Thursday, August 23, 2007

Morning Run

I have quite a few memories of Wes. I wanted to share this one first.
In highschool, on a whim I wanted to start running every morning before school. On the first morning I decided to do this I got up early, before the sun and put on my running shoes. Wes was waiting outside. He had driven to my house so he could run with me- not that he wanted to start running- it was that he didn’t want me running alone.
I can’t express how special that mad me feel and at the time probably didn’t realize how wonderful of an act it actually was. This was our only early morning run together. I guess the whim for me was rather fleeting- but I do know that if I wanted to get up and run that next morning, Wes would have been there waiting. Wes was very caring and kind.
In the movie American Me, there is a part when the women is speaking about the main character and she says- "you are like two people". This described Wes. He was like two people. He was the boy that would run with me in the early hours of the morning so I didn’t run alone- but he was also the boy who would smash his fist through a window if something angered him. I believe he never actually knew how to be one or the other, although he tried. This was a constant inner battle and this battle created more of the anger and frustration that hindered the boy that ran with me that morning from shining.
And now the tears begin to flow.
And I wish I could have done more- even when I am told over and over that it wouldn’t have mattered it is a feeling, a thought I can not shake. Even after all these years.

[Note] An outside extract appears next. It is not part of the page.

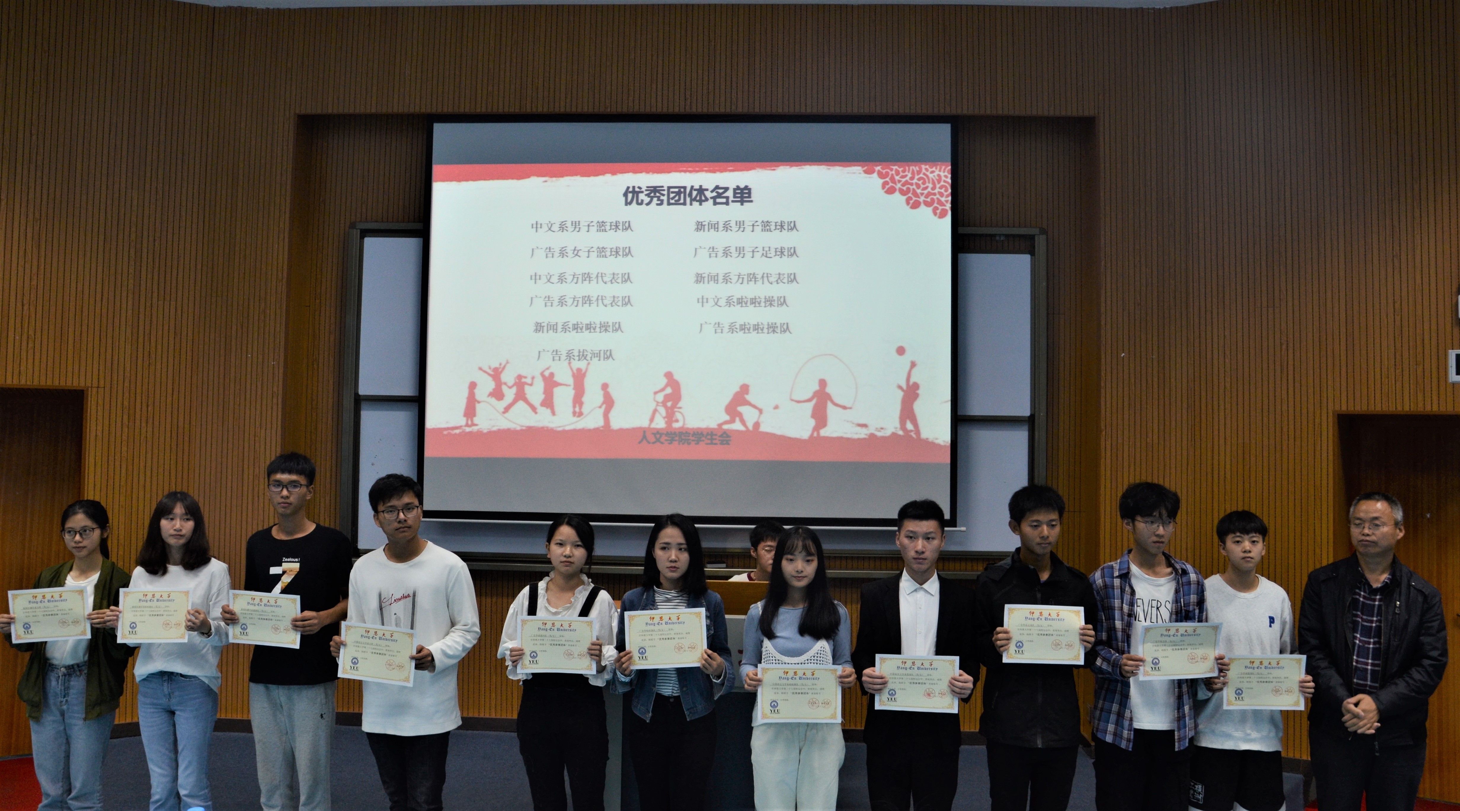 活动现场 在场老师同学观看了运动会的回顾视频,重温人文学子在赛场上的风采。随后,指导老师李少聪对开云官网取得的优异成绩进行简要概括。在本次校运会中,林晴、黄宝钰等10人荣获“优秀运动员”称号;陈鸿腾、繆芸菲等10人获得“先进个人”称号;范乾煜、吴健欣、王鹏、范轩铭、林俊敏、黄婧茹等人荣获“开云kaiyun体育道德体育风尚奖”;中文系篮球队、新闻系篮球队、广告女子篮球队等11支队伍荣获“运动会优秀参赛团体”称号;梁宇韬、庄佳琪、陈乐、杨鑫等荣获本次校运会“先进工作者”称号;吴佳丽、闫梦奇等六位同学获得学院啦啦操教练聘书。
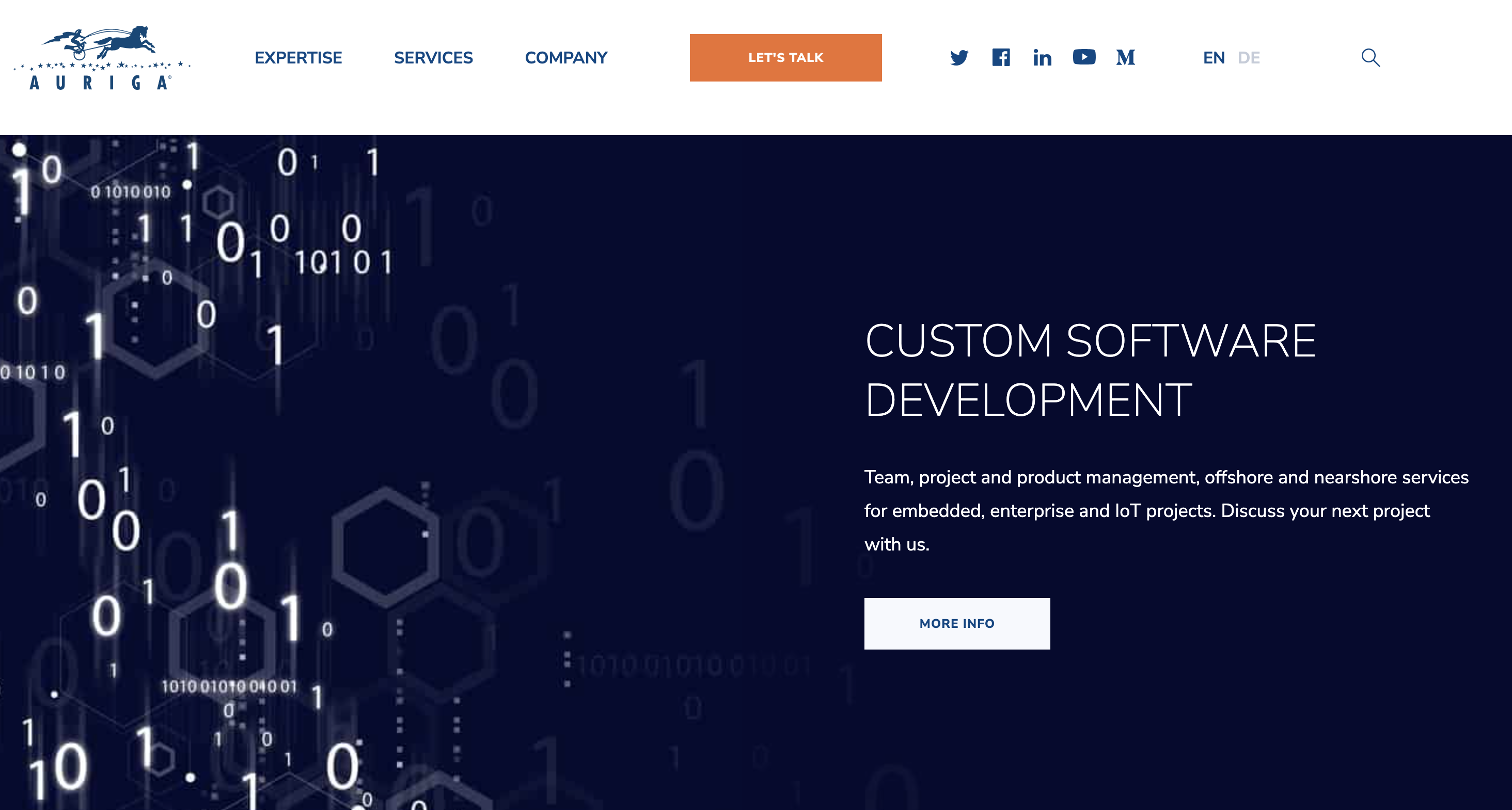 Instead of a “Contact Us” page, Auriga uses a “Let’s talk” button in the top menu to open a short contact form in a popup. The form itself is straightforward, allowing visitors to submit their information and inquiry in seconds.

Wednesday, August 22, 2007

Burning Down the House

My parents had gone to the grocery store together and I was home with Wes - probably because I'm grounded - that was pretty much my life ages 12 - 18. On the other hand, I don't think Weston was EVER grounded. And, this was not because he was an angel. He was either a faster talker than me or it was an ineffective punishment for him, or who knows? Not that I'm bitter... No, really I'm not. Just because I'm still complaining about it 22 years later... Anyway, I'm really not sure how old we are - but would guess 15 and 8.

I'm sitting in my room playing "Everybody Wants to Rule the World" by Tears for Fears, and knowing that in fact I did rule... hanging out, reading a book, curling my hair, drawing hearts around boy-of-the-month's name, whatever it was I used to do (certainly not homework...) and then I spy the faintest hint of smoke curling up through the vent. Hmmm... bummer... like, that can't be good.

I sashay down to the kitchen - nothing. Grab a drink and a snack, turn on the TV and amble downstairs to the basement - nothing. But then I venture to the "unfinished" portion of the basement where the water heater and my dad's workshop is located. The door is closed. I open the door to dancing yellow flames and billows of charcoal smoke.

This awakens me from "I don't care" teenage land, I close the door and sprint up the stairs bumping into Wes who has just dashed in through the front door with the neighbor, both armed with fire extinguishers. The neighbor scampers downstairs to the fire and I call 911 and the grocery store to alert my parents to what Weston did - this time. Oh, my, gawd, can you believe this kid? Ruining my perfect afternoon. Yea, but what a great excuse for not getting my homeword done! Score.

After answering the page at the store, my father proceeds to leave my mother at the grocery store and drive home. Accident? I think not. In the meantime, the local fire engine, ambulance, police and water rescue have arrived on our doorstep. (Water rescue?? I know, I too was confused.)

It turns out Wes had been prepping decoys for hunting and was melting something with matches and somehow hunting clothes and gear caught fire. After receiving no response to his hollers (apparently I was rocking out) he wisely went to the neighbor for help.

Thankfully we all survived - mostly smoke damage to the basement and the neighbor's lungs, another grounding for me and an atta-boy for Wes for his quick thinking which mitigated the fire damage. Yes, I know, bitter, bitter.

Welcome

I am finding it difficult to start this blog. Where to begin? What to say? Frankly, I'm a little nervous as I know when the memories start flowing, so will the tears. But it was my idea and unfair to expect others to contribute if I'm not brave enough to do it myself.

So here we go...Weston would be 31 this year. It's been almost 11 years since his passing. Every time I reminisce with family, friends, or alone, I realize how little I knew my brother. We had seven years between us. We didn't share friends or activities. Mostly we just shared parents, a house, most dinners and the occasional fight for 11 years. Then I was gone to South Africa, Durango, Alaska and Rhode Island for the next nine years and our communication lessened even more. Mostly my parents would update us on the whereabouts and activities of the other.

Now I realize how I took for granted that my family would always be there. I was very self-absorbed and caught up in my adventures and life. I figured they'd be waiting for me when I got home and chose again to spend time with them. If only that were the case.

When Weston went to college in Santa Rosa, we began to write a bit more. If only e-mail had been as mainstream then as it is today, I think we would've been able to bring our lives back together.

I would send Wes things at school that I thought would interest him - magazines, books, CDs, etc., but I fear I didn't know him well enough to get him the right things. Although I do know the steaks I sent him were a slam dunk - he was always a big meat eater. Hopefully the gestures were enough for him to know I was thinking of him.